Eight Afghan troops have left military bases without authorization since September alone, Pentagon spokesman Adam Stump told Reuters, disclosing the total number of Afghan troops who have gone missing for the first time.
“The Defense Department is assessing ways to strengthen eligibility criteria for training in ways that will reduce the likelihood of an individual Afghan willingly absconding from training in the US and going AWOL [absent without leave],” Stump said.
The Afghan Army has previously been occasionally infiltrated by Taliban militants who carried out attacks on Afghan and US troops. Rogue shootings of foreign troops claimed lives of nearly 40 soldiers in several dozen attacks in 2012.
Before being allowed into the US, Afghans are carefully vetted for security reasons, to make sure they have not been involved in human rights abuses and are not affiliated with militant groups, the Pentagon spokesman said.
Some 2,200 Afghan troops have received military training in the United States since 2007. Other foreign troops on US military training visits have sometimes run away too, but a US defense official, who spoke on condition of anonymity, said that the frequency of Afghan troops going missing was concerning and “out of the ordinary.”
According to the official, there was no evidence any of those who had run away had carried out crimes or posed a threat to America.
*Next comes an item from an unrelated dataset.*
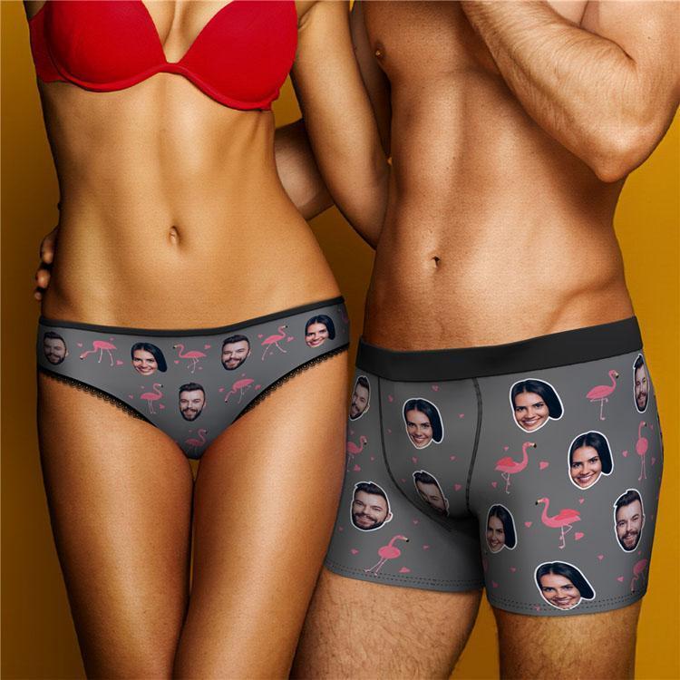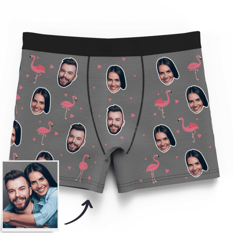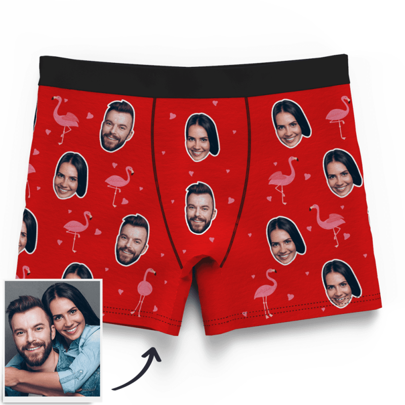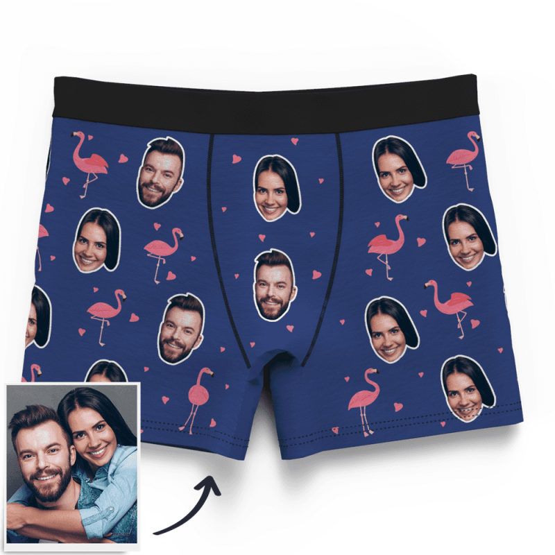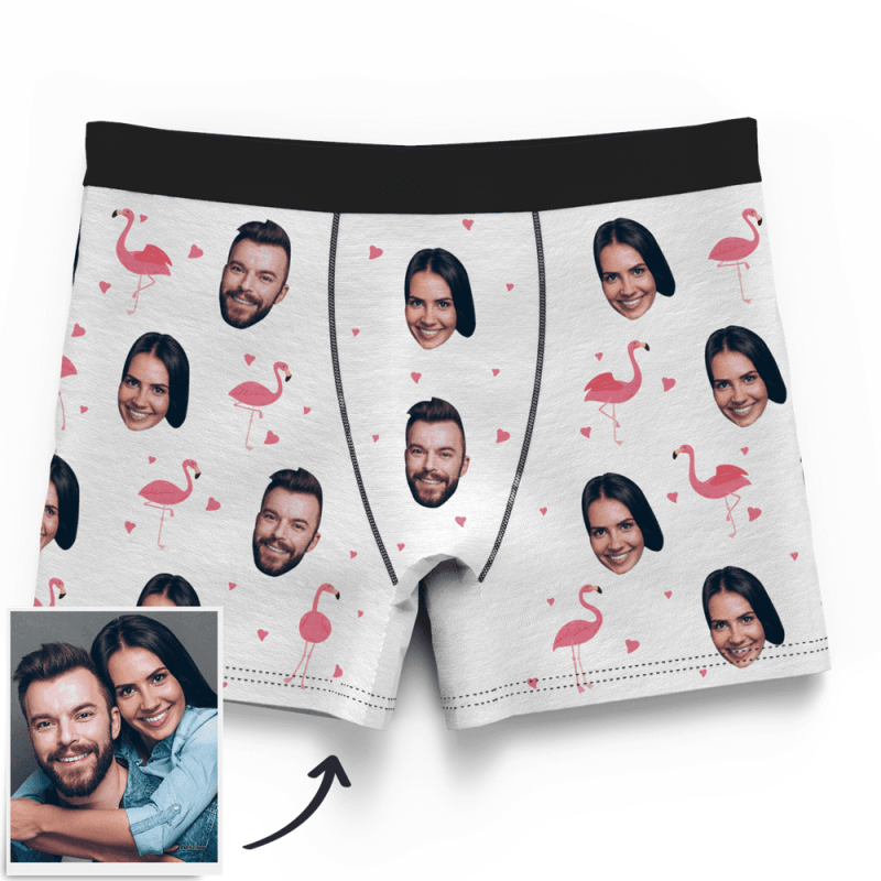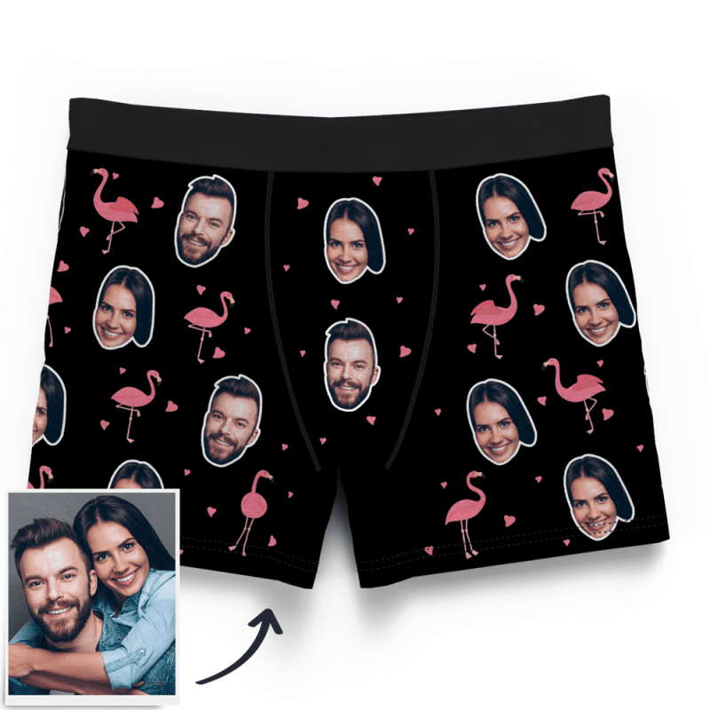カスタムフォトボクサーパンツ-写真入り可能なオリジナル下着カップル写真入りボクサーパンツ-カップルスタイルフラミンゴ

Since 2002, Washington has earmarked over $60 billion “to build, equip, train, and sustain” the Afghan troops, a quarterly report by the US Special Inspector General for Afghanistan Reconstruction (SIGAR) said in late July. Money has failed to buy security, however, with the internal US report saying that the NATO-trained Afghan military only controls about two-thirds of Afghanistan’s districts and keeps losing territory to the Taliban.
The US mission in Afghanistan has dragged out much longer than originally anticipated, with President Barack Obama canceling the initial plan to withdraw the majority of troops in 2014 in exchange for a blueprint to scale back forces by early 2017.
America’s combat mission in Afghanistan “came to a responsible end” a year-and-a-half ago, Obama said in July. Forces there are now focused on “two narrow missions”: training and terrorism prevention. “But even these narrow missions continue to be dangerous.”
In July this year, Washington announced that the US will leave 8,400 troops through the end of the Obama administration, citing an increase in Taliban attacks.
Low morale and lack of training to fight the Taliban could partially explain dozens of the troops leaving.
“They face a formidable enemy, with very limited resources and many Afghan troops aren't getting paid on time,” Michael Kugelman, a South Asia specialist at the Woodrow Wilson Center, a Washington think tank, told Reuters.
The US bears full responsibility for the deteriorating situation in Afghanistan, Zamir Kabulov, who served as Russian envoy to Afghanistan in 2004-2009, said earlier this month.
Washington “cut back their presence [in Afghanistan] and did not resolve a single issue and created more problems. They carry political and moral responsibility for what is taking place in Afghanistan now," he noted.